EP027

「ジロ、明日の食事はオーダーしといたから、それ食べててね。」

「えっ?!」

「明日一日、ワタシはメンテに入るから、邪魔しちゃダメよ。」

「そう…。分かった…。」


アリスの不意な言付けに、私に緊張が走った。

前にも何度か同じようなことがあった気がする…。

しかし、私の脳はその記憶を呼び出してはくれない…。

ただ、嫌な感じの事ではなかったが、何か慣れるまでにぎこちなかった思いがあった…。






翌日は、アリスと一度も会話することはなかった。


少し前のように、独り住まいの状態に戻っただけなのに、私はもうそれには慣れていなかった。

難病を克服してから、ずっと一人でやってきたのに、今はそれに少なからず恐怖を覚えてしまう…。


『私はいつの間にこんなに弱くなったのだろう…。』






この日アリスは、人感センサーをカットし、レーザーカーテンを入れたまま、パントリーに籠りきりだった。


この家にはドアのある区切られた部屋は存在しない。

これは、【開放感】と【地震対策】にポイントを置いて、以前の私が設計したと兄妹が言っていた…。


私自身には全く覚えがないのだが…。


過去の私には、繊細な感覚とリスクマーネジメントに対する意識が備わっていたんだ…、としか、今の私には思えない。

まるで他人事だ…。






この家で唯一、仕切られている空間は、パントリーだけ…。


パントリーの入り口には害虫・害獣の侵入を阻むため、レーザーカーテンが設置されている。

出入口の枠に縦横に張り巡らせた低出力のレーザー光線で害虫・害獣の侵入を阻止する設計となっている。

低出力のレーザー光線なので、人間が触れても害はないが、虫程度なら焼け死にネズミなら怪我を負う。

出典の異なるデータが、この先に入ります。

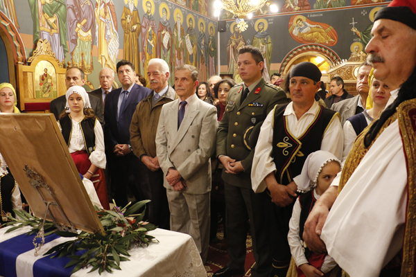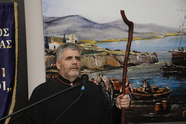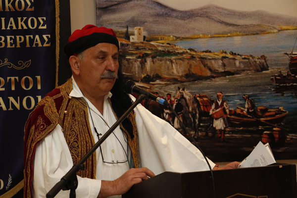 Το λόγο πήρε ο Νίκος Ζαχαριάς πρόεδρος του Τμήματος Ιστορίας του Πανεπιστημίου Πελοποννήσου στην Καλαμάτα. Αναφέρθηκε αρχικά στα ιστορικά γεγονότα της εποχής και στη συνέχεια υπογράμμισε τη "διακριτά ελληνική ιδιότητα της ηρωολατρείας, από την εποχή της αρχαιότητας". Διάβασε μάλιστα και ένα χαρακτηριστικό απόσπασμα από κείμενο του Πλάτωνα.
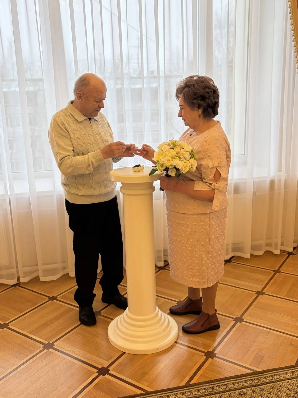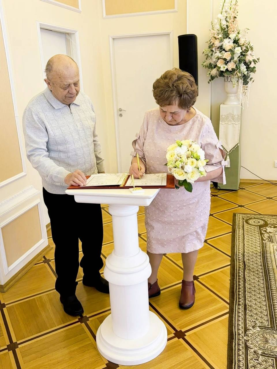 В управлении ЗАГС Тосненского района чествовали изумрудных юбиляров семейной жизни — Елизавету Яковлевну и Владимира Яковлевича Лабастовых, которые 55 лет назад, 26 февраля 1971 года, зарегистрировали свой брак.

レーザー光線は、人感センサーによって、オン/オフが行われる。

特に、レーザー照射時は光線をスモークで可視化させており、視覚でもオン/オフが分かるようになっている。

これも以前の私が考えたものらしい…。

今の私からは想像もつかない…。






レーザー照射時はスチームスモークで光線を可視化させているので、パントリーの中は見えない。

アリスはメンテナンス毎に、ここに閉じ籠る。

籠る理由は不明…。

アリスにはアリスの都合があるのだろう…。


いつものメンテナンス作業は長くともせいぜい15分程度…。

一日ががりのメンテナンスは今までに1、2度あったような気がする…。

その度に私はやきもきしたような覚えがある…。











次の日の早朝。


私は気が気でない思いでパントリーへ向かった。

パントリーの出入り口に近づいても、やはり人感センサーは作動しない。

まだ、アリスによってレーザーカーテンのセンサーは切られたままだった。


『かかってるな…。』


メンテナンス中だというだけのことなのに、私はこの場から離れることができなかった。

やきもきした気持ちでこの場に立っていた。

そんな気持ちでどれくらいの時間、この場に立っていたのだろう…。


私にとっては長く重い時間の歩みが、苦痛以外の何ものでもなかった。

1秒が1秒でない感覚…。

何ものかに引っ張られ前に進めないもどかしさ…。

断頭台の上で斬首される瞬間を待っている暗澹たる心持ちような…。


私の中でぐちゃぐちゃな思いが渦を巻いていた。


私の苦悩が限界をむかえようとしたその時、レーザーカーテンの人感センサーが反応し、レーザーが切れた。


そして…、

パントリーの中から、真っ黒な歪な円錐型の物体が床を滑るように出てきたのだ…。